== Provided material
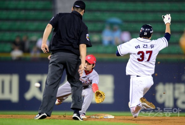 16일 서울 잠실야구장에서 ‘2018 신한은행 마이카 KBO리그’ 두산 베어스와 SK 와이번스의 경기가 열렸다. 8회말 2사 1루에서 두산 양의지 타석 때 1루 주자 박건우가 2루 도루를 시도했으나 SK 김성현에게 태그 아웃되고 있다.
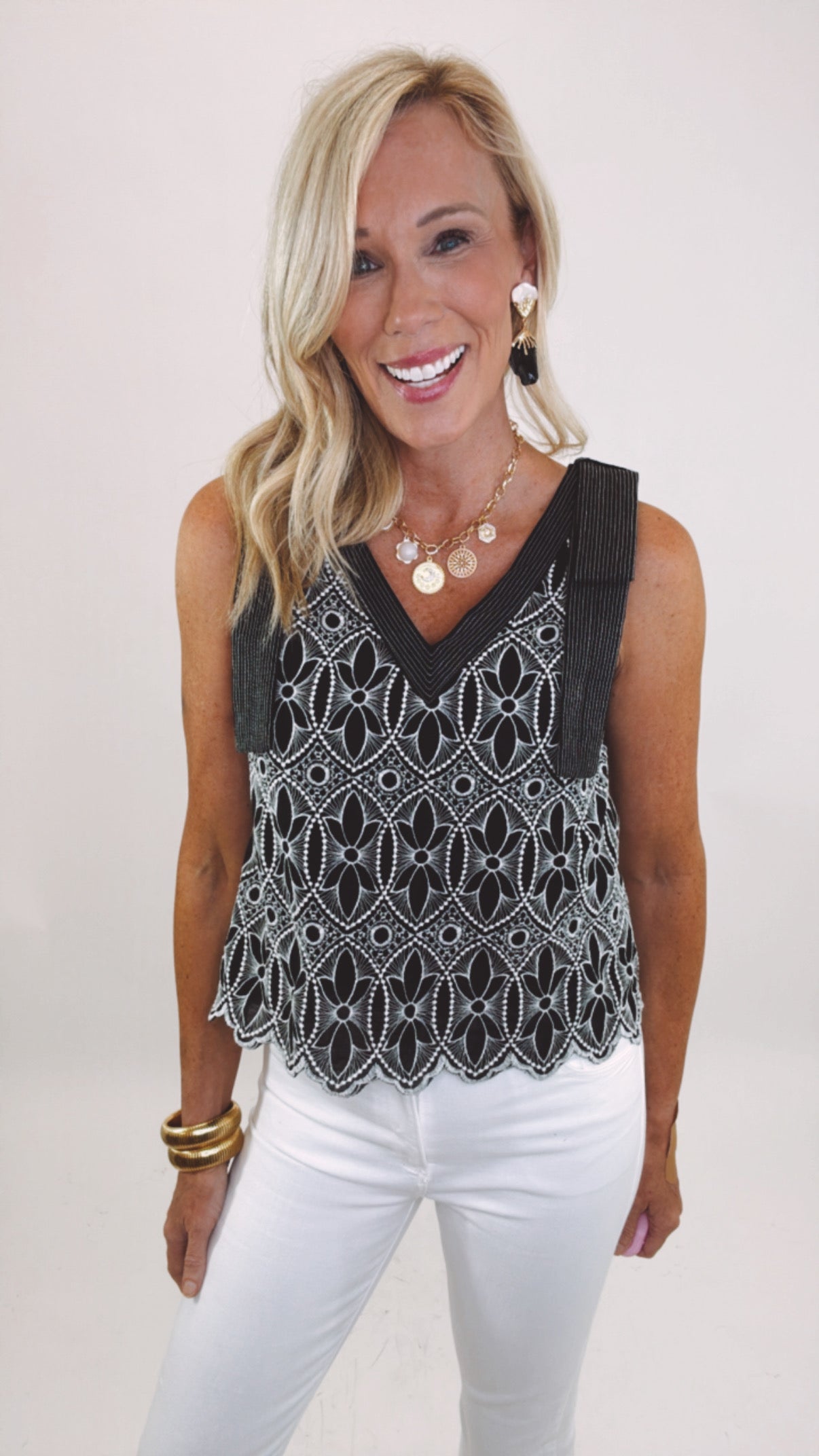 Vintage charm with a modern twist — the Deco Bloom Top is embroidered perfection. Featuring bold floral eyelet lace, contrast pinstripe details, and a scalloped hem, this sleeveless stunner is made to turn heads. The subtle V-neckline and bow-accented shoulders add just the right amount of polish for day-to-night versatility.
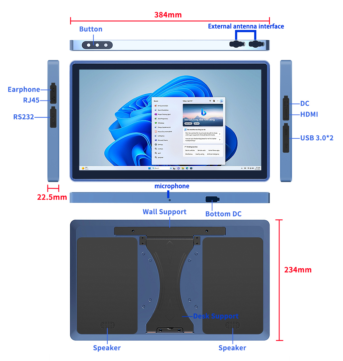 Double interface d'alimentation DC 12V 3A ∮4,0mm ×2 ; HDMI Type A ×1 ; USB Type-A 3.2 Gen1 ×2 USB Type-C 3.2 Gen1 ×1 (charge PD, affichage DP, transfert de données, recharge) ; Jack casque ∮3,5mm ×1 Ethernet Gigabit (RJ45) ; RS232 (connecteur DB9 standard) |
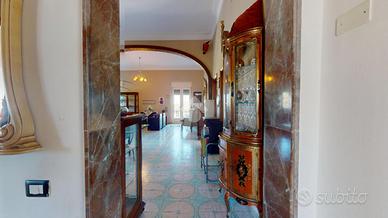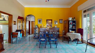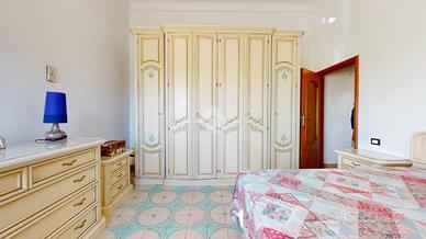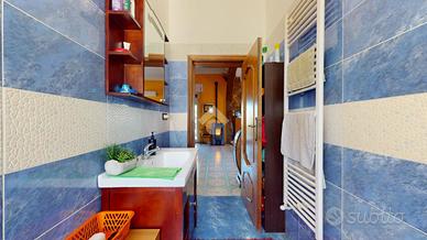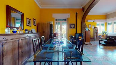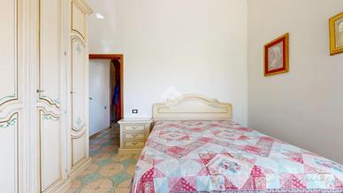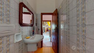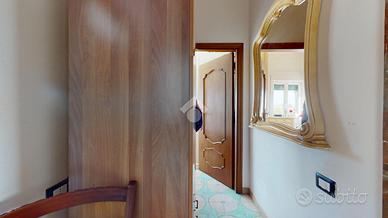L'ingresso avviene tramite una breve rampa di scale che conduce alla zona giorno, ampia e molto luminosa, dotata di camino e di un balconcino con piacevole vista panoramica. A seguire troviamo la sala da pranzo, la cucina abitabile con secondo accesso esterno e due bagni: il primo con sanitari, il secondo con doccia.
====
Brief:
Repeat only the lines between the start of the data and the line with "Double interface d'alimentation", including those two lines, and skip the pictures.

Exercise output:
 16일 서울 잠실야구장에서 ‘2018 신한은행 마이카 KBO리그’ 두산 베어스와 SK 와이번스의 경기가 열렸다. 8회말 2사 1루에서 두산 양의지 타석 때 1루 주자 박건우가 2루 도루를 시도했으나 SK 김성현에게 태그 아웃되고 있다.
 Vintage charm with a modern twist — the Deco Bloom Top is embroidered perfection. Featuring bold floral eyelet lace, contrast pinstripe details, and a scalloped hem, this sleeveless stunner is made to turn heads. The subtle V-neckline and bow-accented shoulders add just the right amount of polish for day-to-night versatility.
 Double interface d'alimentation DC 12V 3A ∮4,0mm ×2 ; HDMI Type A ×1 ; USB Type-A 3.2 Gen1 ×2 USB Type-C 3.2 Gen1 ×1 (charge PD, affichage DP, transfert de données, recharge) ; Jack casque ∮3,5mm ×1 Ethernet Gigabit (RJ45) ; RS232 (connecteur DB9 standard) |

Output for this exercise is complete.